##### DATA

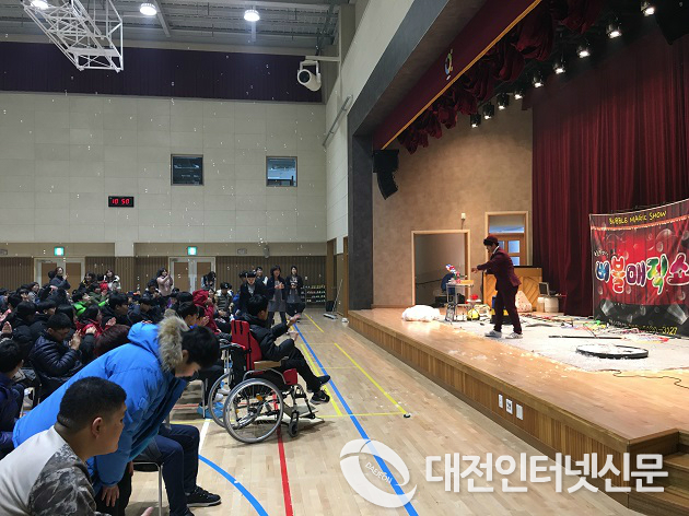 ▲ 세종시교육청이 특수교육대상학생을 대상으로 `2017 찾아가는 예술교실, 크리스마스 산타 버블쇼´를 진행했다. 사진은 21일(목) 세종누리학교에서 진행된 행사 장면(사진-세종시교육청)
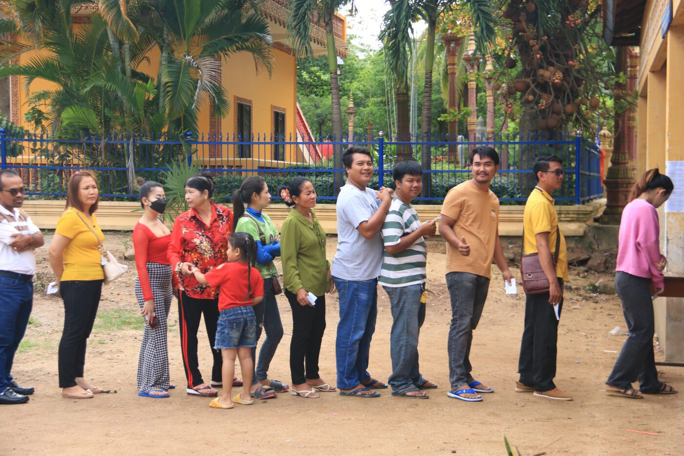 7:07am: Voters lined up where Hun Manet, the ruling CPP’s top candidate for Phnom Penh. (Khy Sovuthy)
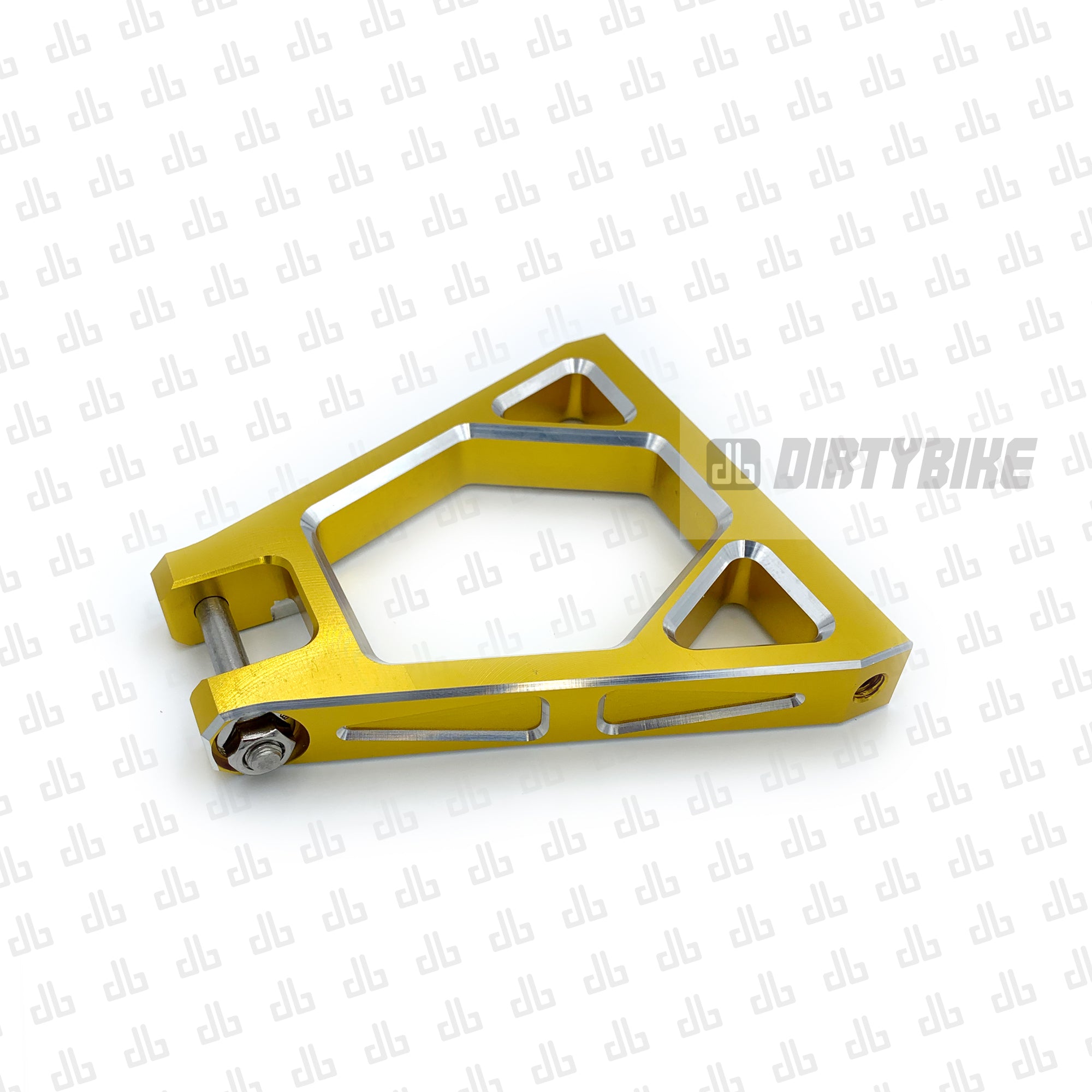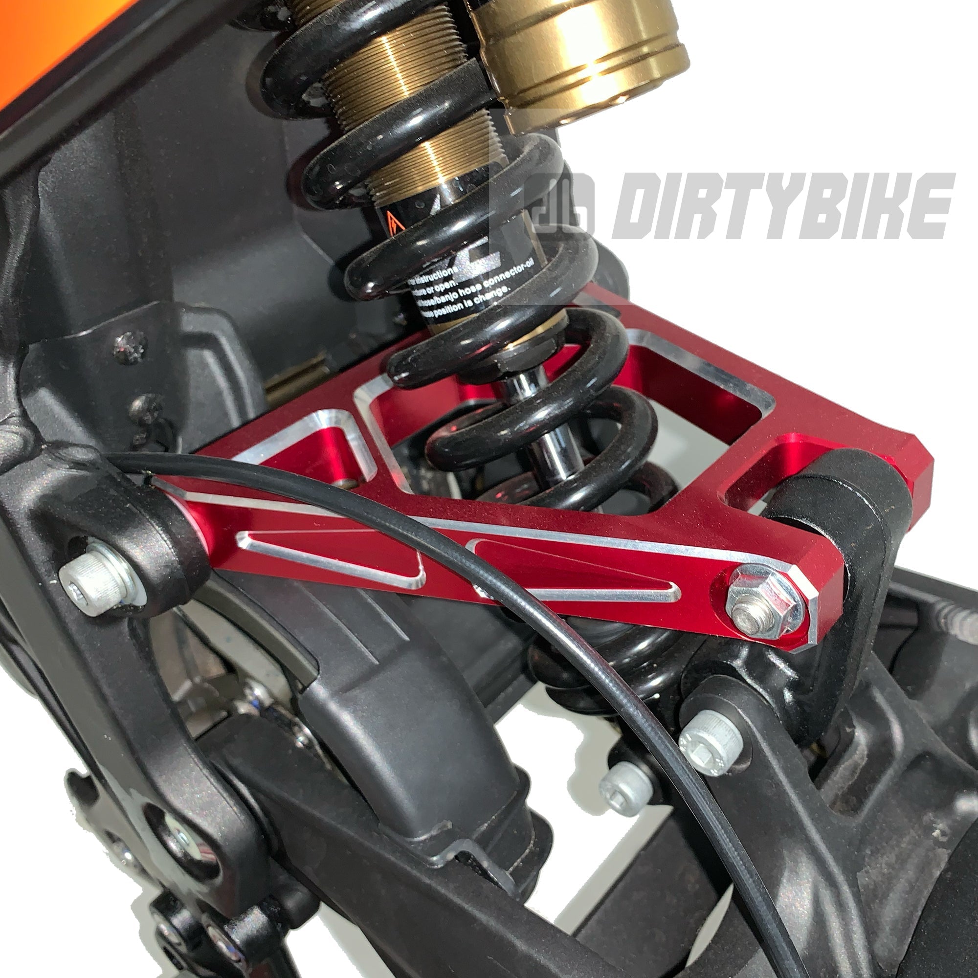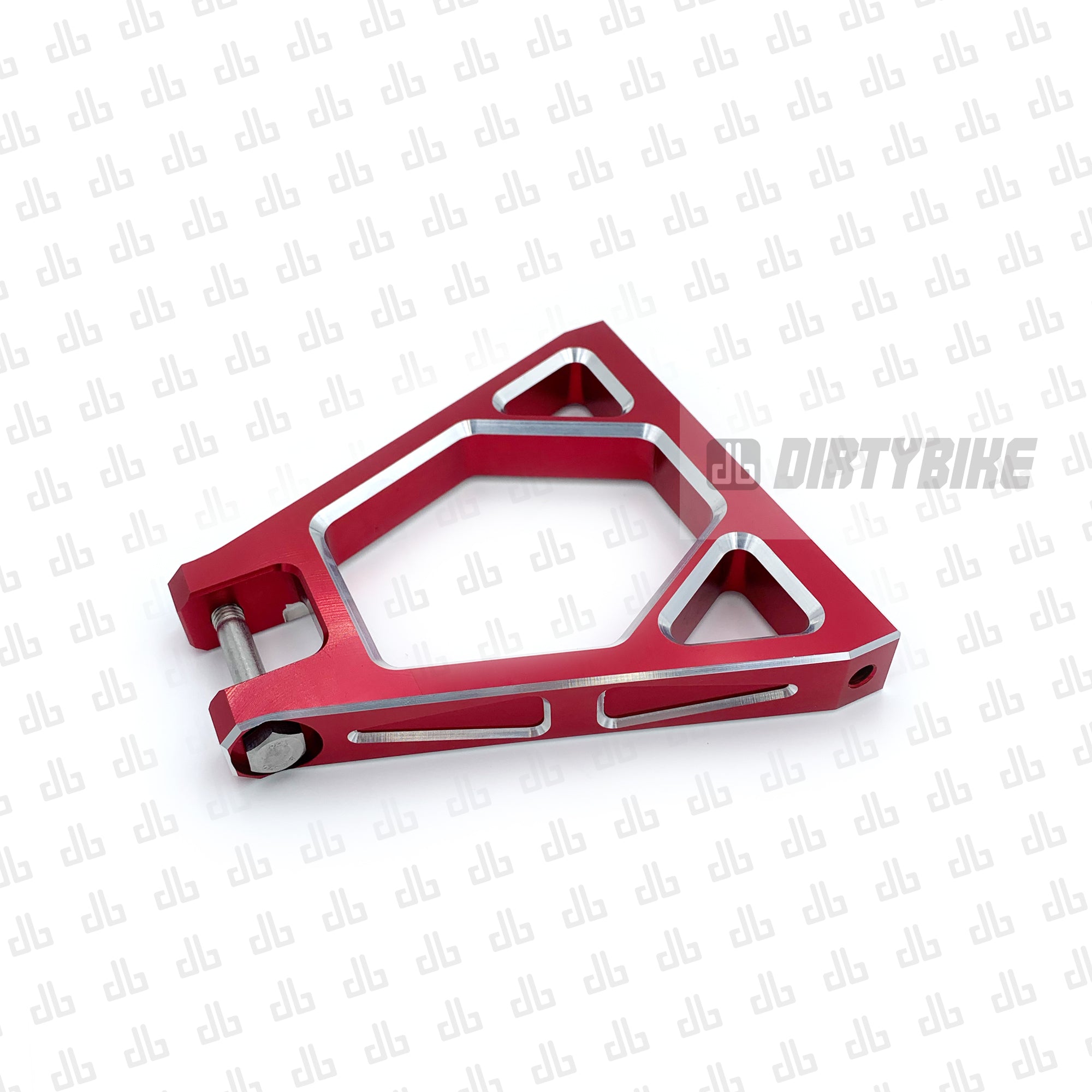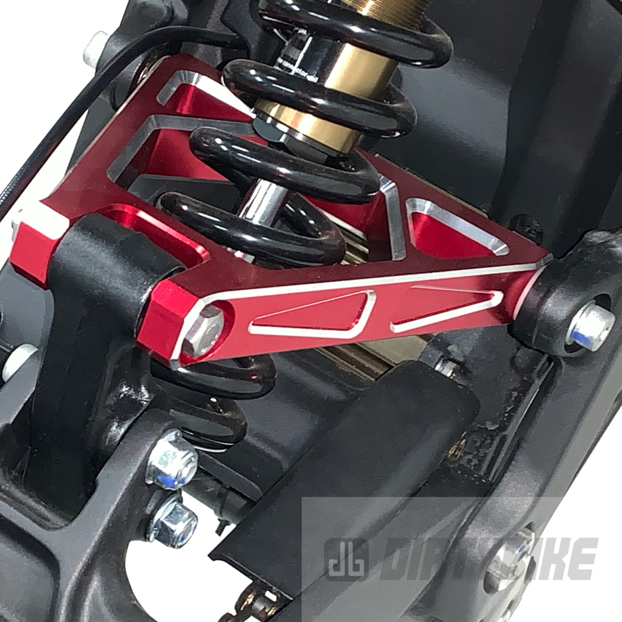 DirtyBike's CNC aluminum rear suspension reinforced progression triangle.

##########

EXERCISE AIM:
Exactly as written, return every line of the listing, but not the pictures.

ANSWER BELOW:
 ▲ 세종시교육청이 특수교육대상학생을 대상으로 `2017 찾아가는 예술교실, 크리스마스 산타 버블쇼´를 진행했다. 사진은 21일(목) 세종누리학교에서 진행된 행사 장면(사진-세종시교육청)
 7:07am: Voters lined up where Hun Manet, the ruling CPP’s top candidate for Phnom Penh. (Khy Sovuthy)
 DirtyBike's CNC aluminum rear suspension reinforced progression triangle.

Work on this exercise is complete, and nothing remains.